Exploration Costs Pre-Discovery of Hydrocarbons

Costs for onshore seismic methods are estimated to be between $8,000 and $50,000 per square kilometer depending on the terrain and the technology used to perform the scanning operation (Bret-Rouzaut and Favennec 125)(Cooper). In the case of Texas, the flat land and low-risk environment suggests a cost on the lower end of the range. As this price derives its value from a number of underlying factors such as manpower, movement and lease of equipment, number of days required, a triangular distribution was chosen. An additional $500 per kilometer was added to include the cost of processing (Bret-Rouzaut and Favennec 127). Finally, a second triangular distribution for the analysis of the data was added. This distribution was once again chosen as the cost of the analysis is based on the terrain, equipment used, and challenge of interpretation. The stated range of $100,000 - $1,000,000 includes values from the simplest output, to the most challenging (Bret-Rouzaut and Favennec 127). As Texas is a desert with minimal surface features such as mountains or other major geological features, a low cost is realistic. However, due to a lack of experience in the industry, a conservative mode of $500,000 was chosen. The time spent on this stage is not factored into the overall project duration as it is only after this stage that the commitment to drilling the exploratory well is taken. Before this decision is made, the following models would need to be re-run with the actual cost of the initial study included.

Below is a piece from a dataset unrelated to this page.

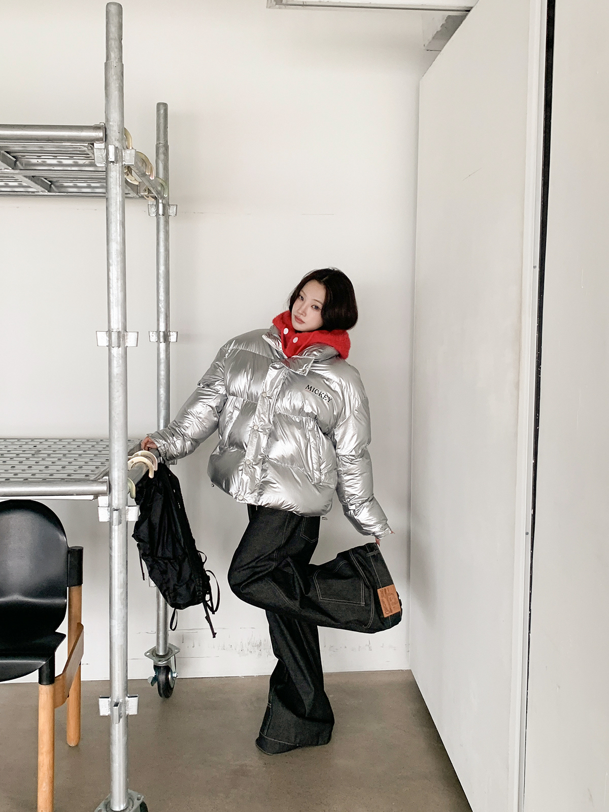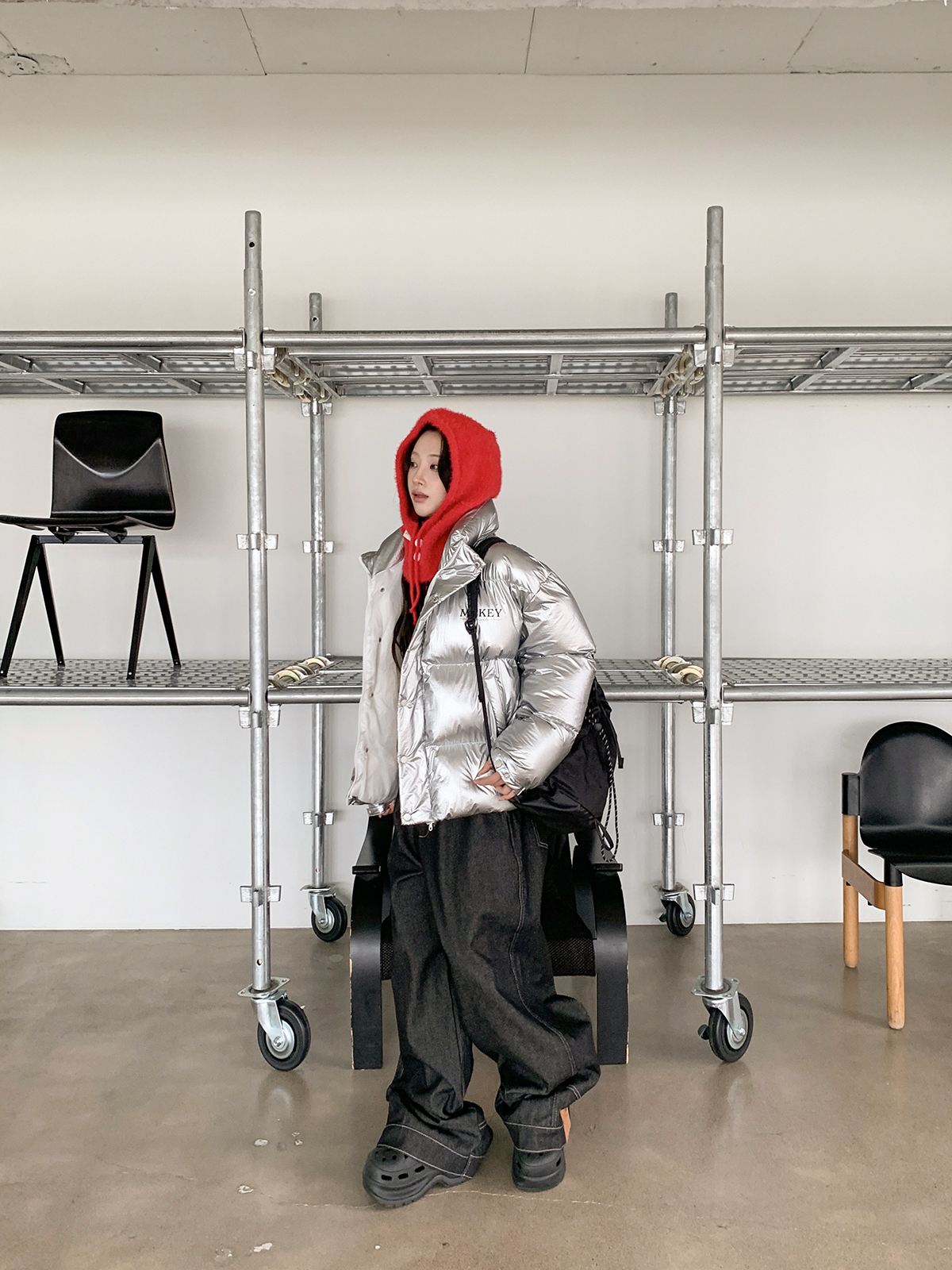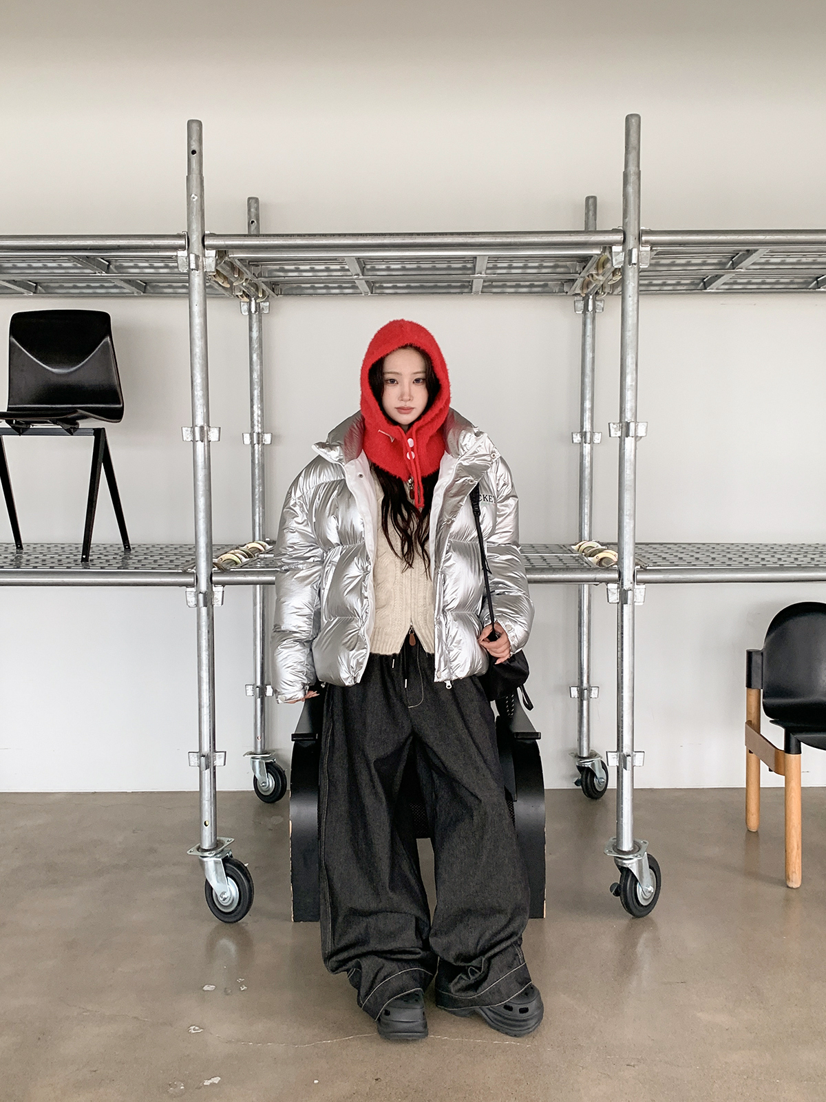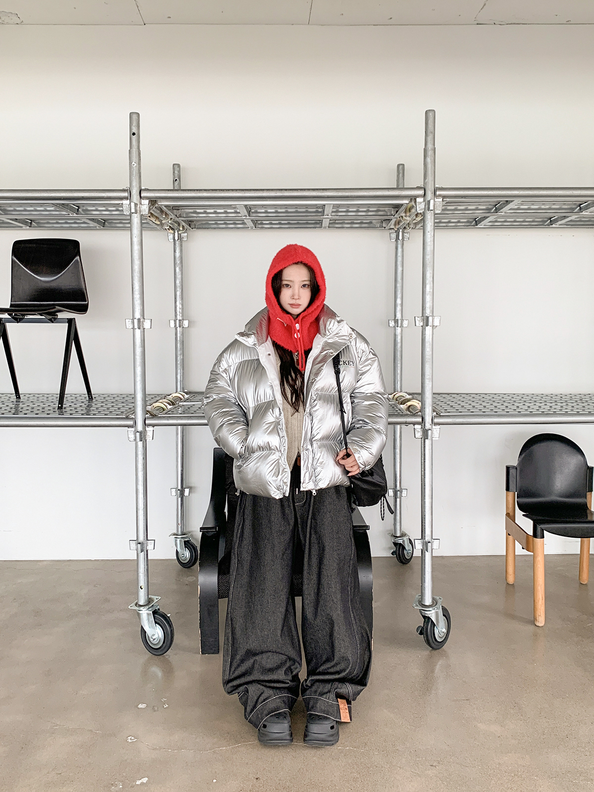유니크하고 글로시하게 겨울에 포인트하기 좋은 패딩으로

def preHydrocarbonExpense():
	seismicCost = np.random.triangular(8,16,50) #single value for simulation
	seismicCost += 0.5 # Add processing cost of $500/km
	seismicCost += np.random.triangular(100,500,1000) # Add the cost of analysis of the data
	return seismicCost

Distribution with n= 10,000 Total Seismic Cost Descriptive Statistics

Probability of Finding Oil

Now that the initial study has found appropriate sites for drilling, there is still a chance that the well does not actually strike oil. This situation is called a dry well or dry hole. The model for this probability is provided by the following equation:

$$ P_{Successful\ Well} = P_{Hydrocarbons} \times P_{Reservoir} \times P_{Seal} \times P_{Structure} $$ (Mun 18)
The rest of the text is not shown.